Baithak or Bethak, , is a site considered sacred by the followers of the Pushtimarg tradition of Vaishnava Hinduism in India for performing devotional rituals. These sites are associated with Vallabhacharya Mahaprabhu, the founder of Pushtimarg and his descendants. They mark public events in their lives. Some of them are restricted or foreboding. These sites are spread across India and are chiefly concentrated in Braj region in Uttar Pradesh and in western state of Gujarat. Total 142 Baithaks are considered sacred; 84 of Vallabhacharya, 28 of his son Viththalanath Gusainji and 30 of his seven grandsons.

Baithaks
Vallabhacharya Mahaprabhu was the founder of Pushtimarg who lived in 15th century. From the young age, he travelled and visited pilgrimage sites across India. He recited and gave discourses on sacred scriptures like Vedas, Ramayana and Bhagavata at these sites. The locations for recitation were usually banks of the rivers or lakes and quite groves in outskirt of towns. He recited original texts from scriptures as well as gave commentaries on them. Later these commentaries were compiled in Anubhashya and Subodhini.

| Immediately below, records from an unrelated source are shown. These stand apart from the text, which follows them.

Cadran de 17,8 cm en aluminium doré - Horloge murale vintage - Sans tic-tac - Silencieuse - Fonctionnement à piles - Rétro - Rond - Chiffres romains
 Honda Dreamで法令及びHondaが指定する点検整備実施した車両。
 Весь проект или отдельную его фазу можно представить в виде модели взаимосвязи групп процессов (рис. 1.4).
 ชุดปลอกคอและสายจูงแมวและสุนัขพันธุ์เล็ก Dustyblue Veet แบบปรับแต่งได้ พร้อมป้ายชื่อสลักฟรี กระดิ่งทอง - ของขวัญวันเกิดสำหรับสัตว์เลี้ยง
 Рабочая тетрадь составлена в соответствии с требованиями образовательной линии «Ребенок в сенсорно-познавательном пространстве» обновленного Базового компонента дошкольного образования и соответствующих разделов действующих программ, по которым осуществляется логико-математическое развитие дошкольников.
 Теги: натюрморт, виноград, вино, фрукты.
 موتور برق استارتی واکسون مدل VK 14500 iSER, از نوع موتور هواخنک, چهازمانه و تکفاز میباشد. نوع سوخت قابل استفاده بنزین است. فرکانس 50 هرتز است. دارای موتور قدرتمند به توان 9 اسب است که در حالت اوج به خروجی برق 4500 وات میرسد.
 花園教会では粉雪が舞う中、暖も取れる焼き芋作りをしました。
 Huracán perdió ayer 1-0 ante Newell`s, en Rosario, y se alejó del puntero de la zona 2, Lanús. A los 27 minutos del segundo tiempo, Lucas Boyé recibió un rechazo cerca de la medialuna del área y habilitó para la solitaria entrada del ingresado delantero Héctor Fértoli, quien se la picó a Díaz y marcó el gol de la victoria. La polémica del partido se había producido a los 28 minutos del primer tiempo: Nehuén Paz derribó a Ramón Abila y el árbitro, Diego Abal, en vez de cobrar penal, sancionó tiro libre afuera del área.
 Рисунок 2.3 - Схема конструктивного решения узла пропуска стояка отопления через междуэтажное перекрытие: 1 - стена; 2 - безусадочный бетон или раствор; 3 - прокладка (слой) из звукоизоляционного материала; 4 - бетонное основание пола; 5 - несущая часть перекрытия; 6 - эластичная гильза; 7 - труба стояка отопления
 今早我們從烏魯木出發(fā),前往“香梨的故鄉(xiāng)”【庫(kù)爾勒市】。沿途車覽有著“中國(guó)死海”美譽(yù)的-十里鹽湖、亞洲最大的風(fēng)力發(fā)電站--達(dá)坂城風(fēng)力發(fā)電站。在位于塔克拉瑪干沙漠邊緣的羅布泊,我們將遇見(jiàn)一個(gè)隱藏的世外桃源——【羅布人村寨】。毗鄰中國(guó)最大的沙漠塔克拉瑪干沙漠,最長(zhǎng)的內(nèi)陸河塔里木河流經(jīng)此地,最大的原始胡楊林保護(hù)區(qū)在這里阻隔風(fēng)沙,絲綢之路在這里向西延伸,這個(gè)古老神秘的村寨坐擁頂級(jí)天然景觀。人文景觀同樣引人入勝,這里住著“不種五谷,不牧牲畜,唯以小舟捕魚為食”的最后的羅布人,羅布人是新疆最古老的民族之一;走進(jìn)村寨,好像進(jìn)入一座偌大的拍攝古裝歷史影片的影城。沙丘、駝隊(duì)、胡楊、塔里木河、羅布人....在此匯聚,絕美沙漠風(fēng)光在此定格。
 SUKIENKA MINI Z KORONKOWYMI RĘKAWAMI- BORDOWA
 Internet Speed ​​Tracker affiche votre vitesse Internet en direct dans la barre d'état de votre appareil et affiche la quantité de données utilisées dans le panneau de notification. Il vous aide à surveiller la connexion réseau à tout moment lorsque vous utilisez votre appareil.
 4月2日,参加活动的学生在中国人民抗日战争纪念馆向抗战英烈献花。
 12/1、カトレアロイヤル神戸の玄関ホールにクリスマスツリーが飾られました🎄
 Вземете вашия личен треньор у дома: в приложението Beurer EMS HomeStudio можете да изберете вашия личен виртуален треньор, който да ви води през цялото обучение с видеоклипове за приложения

These are 84 sites where Vallabhacharya gave discourses which are known as Baithaks. Later small shrines are built to commemorate the event at some sites. Some sites do not have shrines or temples to mark the place but they are known only through stories and texts.

At these shrines, the hand-written manuscripts and personal artifacts of Vallabhacharya are housed which are revered by the followers. They generally don't house images. Personal use products like clothes and ornaments are offered by the followers. Only water and sugar crystals are offered as Vallabhacharya used to fast during sacred recitals. They too follow seven darshan schedule followed in Vaishnava Haveli temples.

His descendants also gave discourses at various places and established their Baithaks.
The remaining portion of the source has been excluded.